Perkawinan jenis ini memungkinkan seorang pria untuk menikahi lebih dari satu istri sekaligus. Perkawinan jenis ini lazim terjadi pada masyarakat Hindu hingga ditetapkannya Undang-Undang Perkawinan Hindu tahun 1955. Perkawinan ini terutama dilakukan oleh orang-orang kaya dalam masyarakat Hindu. Meskipun mendapat persetujuan sosial sebelum berlakunya Undang-Undang Perkawinan Hindu, tahun 1955 tidak pernah dianggap sebagai jenis perkawinan yang ideal di kalangan umat Hindu. Pemberi hukum Hindu telah membuat ketentuan untuk itu hanya dalam keadaan khusus tertentu.

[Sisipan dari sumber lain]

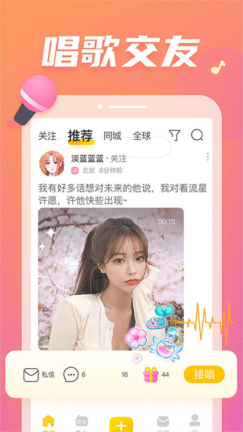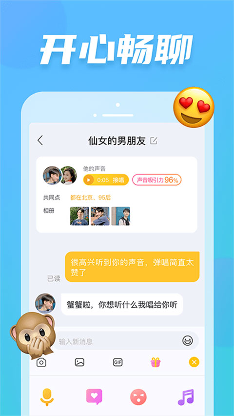 1、私信聊天,和好友愉快畅聊。 2、唱一句你喜欢的歌,用歌声展示你自己。 3、接唱,选择你喜欢的人发布的歌声接唱。 4、发布动态,倾诉内心世界,寻找有共鸣的朋友。功能介绍

Pada periode ‘Ramayana’ ‘Dasaratha’ ayah dari ‘Dewa Rama’, memiliki tiga istri. Dalam ‘Mahabharata’ raja ‘Pandu’ dan tuan Krishna memiliki lebih dari satu istri. Arjuna menikah dengan Dropadi, Subadra, Ulapi dan Uttara. Hukum Hindu kuno tidak pernah menganggap praktik poligami sebagai tidak bermoral. Pada zaman kuno, poligami ada di mana-mana dan disetujui oleh teks serta kebiasaan.

Namun berdasarkan UU Perkawinan Hindu tahun 1955, jenis perkawinan poligami tidak diakui di kalangan umat Hindu. Serikat poligami tidak lagi sah berdasarkan Undang-Undang ini. Hukum Hindu modern memberikan hukuman kepada orang Hindu yang menikah secara poligami. Namun demikian, Poligami telah ditafsirkan sebagai kebiasaan kuno dan masih lazim di beberapa bagian India. Poligami cenderung bertahan dalam masyarakat Bhutan, meskipun upaya terbaik negara untuk mengurangi jumlah istri.

Ketidakmampuan perempuan untuk menanggung masalah laki-laki dianggap sebagai alasan vital praktik poligami. Dipercaya secara luas di kalangan umat Hindu bahwa seorang Hindu tidak boleh mati tanpa seorang anak laki-laki dan oleh karena itu kegagalan istri untuk menghasilkan seorang anak laki-laki mengharuskan suami untuk mengambil beberapa istri untuk mendapatkan seorang anak laki-laki yang dapat melanjutkan garis keturunannya. dengan persembahan pindas untuk memberikan ketenangan jiwanya. Selain itu, sensualitas laki-laki, perempuan yang cepat menua, sebab-sebab ekonomi, rasa gengsi, ketimpangan rasio jenis kelamin dan lain-lain juga dianggap sebagai penyebab poligami.